Kafayı vuracak uygun bir duvar bulma çabaları.
İş işten geçmişlik...
Bor'un pazarını geçip, eşeği Niğde'ye sürme çırpınışları :)
Odadaki telefona karşı hostile duygular, telefona zarar verme isteği :)

Sonuç: Olgunun en az 21 gün süre ile bulunduğu ortamdan uzaklaştırılmasının, yeterli gelmezse sürenin uzatılmasının, bu konuda kendisine mümkün olduğunca kolaylık sağlanmasının uygun olduğu kanaatine varılmıştır.
Durumu bildirir kesin rapordur.

(Not: Lütfen amaaaa lütfen tatil yapayıımm artıkınnnn)


Perşembe, Ağustos 18, 2011

Sehven

Sehven söylenen sözler, sehven gören gözler, sehven gülen yüzler...
Sehven hissedilen mutluluklar, sehven yaşanan hayatlar...

Belki de en kötüsüdür, sehven büyüttüğün umutlar...

Bir çekirdektir, atarsın içine.
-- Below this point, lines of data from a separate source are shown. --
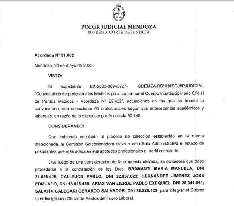 La Suprema Corte de Justicia de Mendoza dispuso por acordada 31.082 laintegración del "Cuerpo Interdisciplinario Oficial de Peritos del Fuero Laboral", según lo establecido por la Ley 27.348 de 2017, con la incorporación de 5 profesionales médicos.
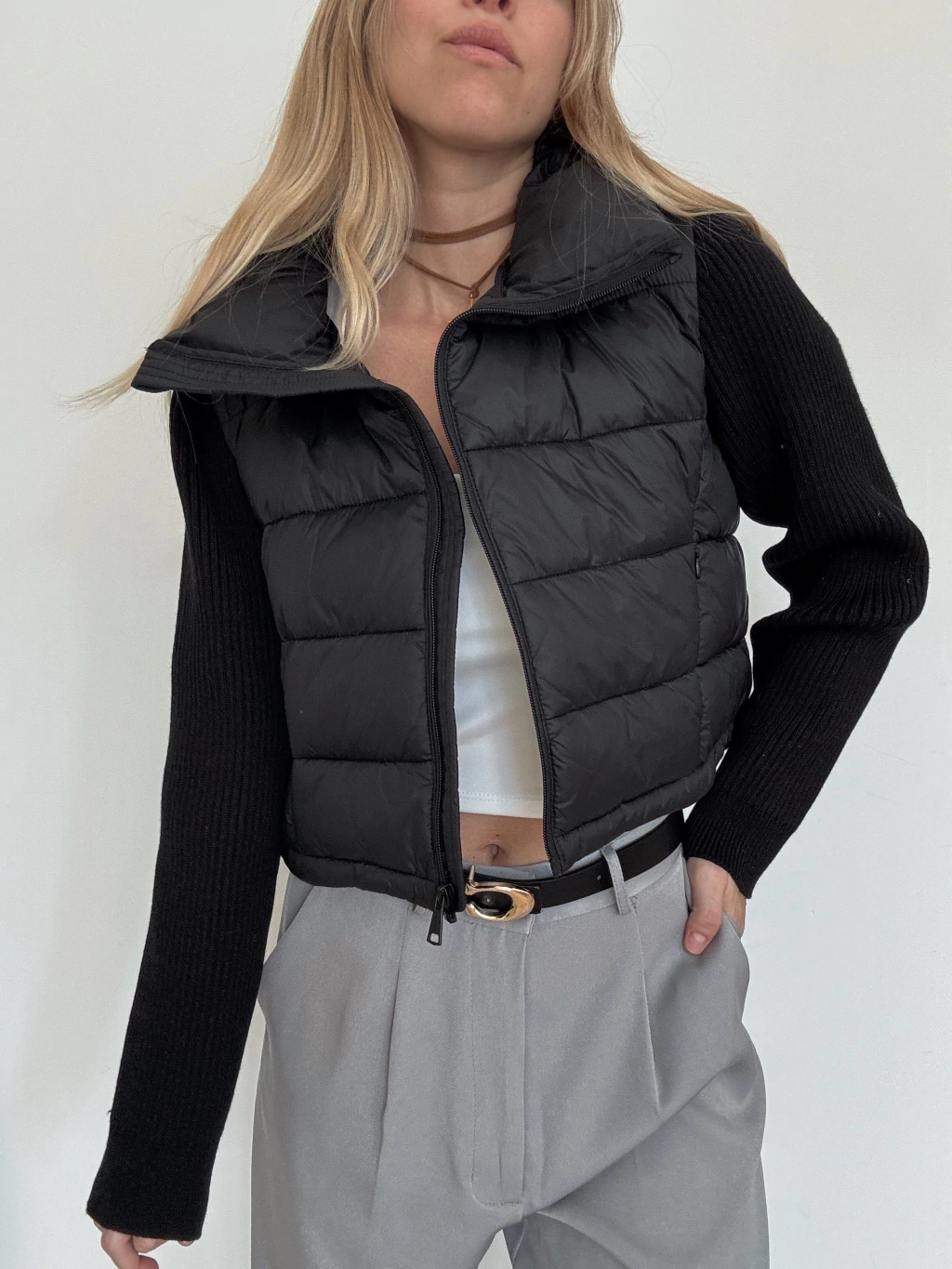 Campera estilo chaleco puffer, con mangas largas en ribb y cuello alto. Contiene acceso por medio de cierre metálico, bolsillos delanteros con cierre invisible y elásticos regulables en cada lado. Material: poliester, 100% poliester. Calidad premium. Es muy calentito y cómodo, te va a encantar!
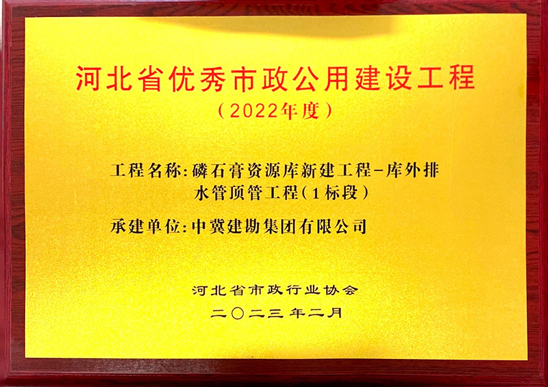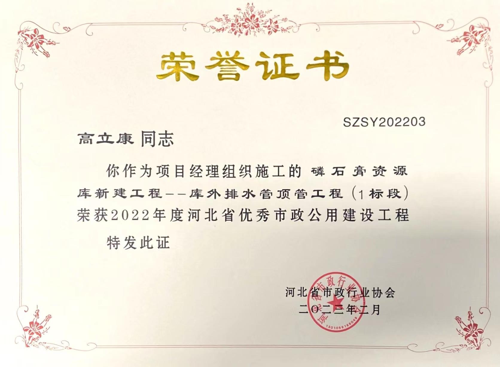 近日,河北省市政行业协会发布消息,经过审核申报材料、查验施工现场、专家综合评议,我公司市政工程项目“磷石膏资源库新建工程——库外水管顶管工程(1标段)”被评为河北省优秀市政公用建设工程,并为项目经理高立康同志颁发了荣誉证书。
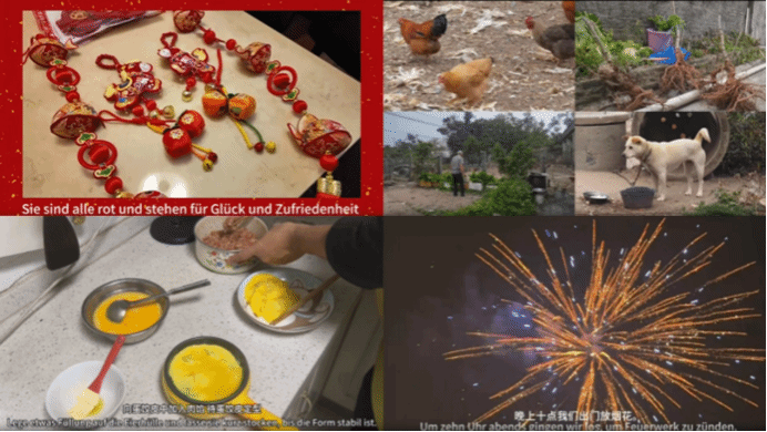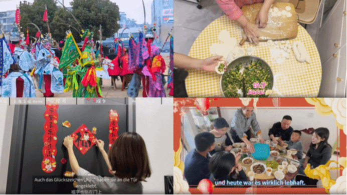 这一赛道的作品不仅展现了中国春节独特的文化氛围,更在微观叙事中折射出浓厚的家国情怀。同学们通过记录大扫除的忙碌、包饺子的协作、逛庙会的热闹以及祭祖的庄重,生动诠释了春节作为辞旧迎新重要节点的文化内涵。视频中,传统与现代交织,非遗打铁花的震撼与机器人表演的精彩相映成趣;地域特色鲜明,从南国的莆田红团、湖南祈福,到北国的胡同年味、邕城生机,一幅幅流动的画卷共同绘就了多元化的中国年春节全景。更重要的是,许多同学尝试用德语讲述这些故事,在“年夜饭”“红包”等词汇的跨语言转换中,搭建起沟通中外的文化小桥,尝试向世界传达真实而生动的中国年味。

En derinine..
Toz kaplar üzerini, bir süre sonra tamamen görünmez olur.
Kim ne derse desin, senindir o, sadece senin.
Görünmez ama bilirsin oradadır. Bilirsin büyüyecektir.
Beslersin, beslemek istersin delice, fütursuzca..
Ondan gelecek en küçük ışığı gözlersin alacakaranlık bir hayal içinde.
Yol olsun istersin sana, güç olsun, ateşlesin istersin tüm yetilerini.

İnanırsın..

Bir gün kocaman olacağına ve seni tümden kucaklayacağına inanırsın.
O gün hayatının ta kendisi olacaktır yıllarca koruduğun o küçük nüve...
Yaz akşamları gökyüzünde kayan yıldızdır o senin için.
Yeni ay'ın çıktığını ilk gördüğün anda gülümseyerek içinden geçirdiğindir.
Dört yapraklı yoncandır, bulmaya bile kıyamadığın..
Geceleri gördüğün rüya, her akşam ettiğin dua'ndır.
Bir dalına gönlünü yazıp bağladığın gül ağacındır.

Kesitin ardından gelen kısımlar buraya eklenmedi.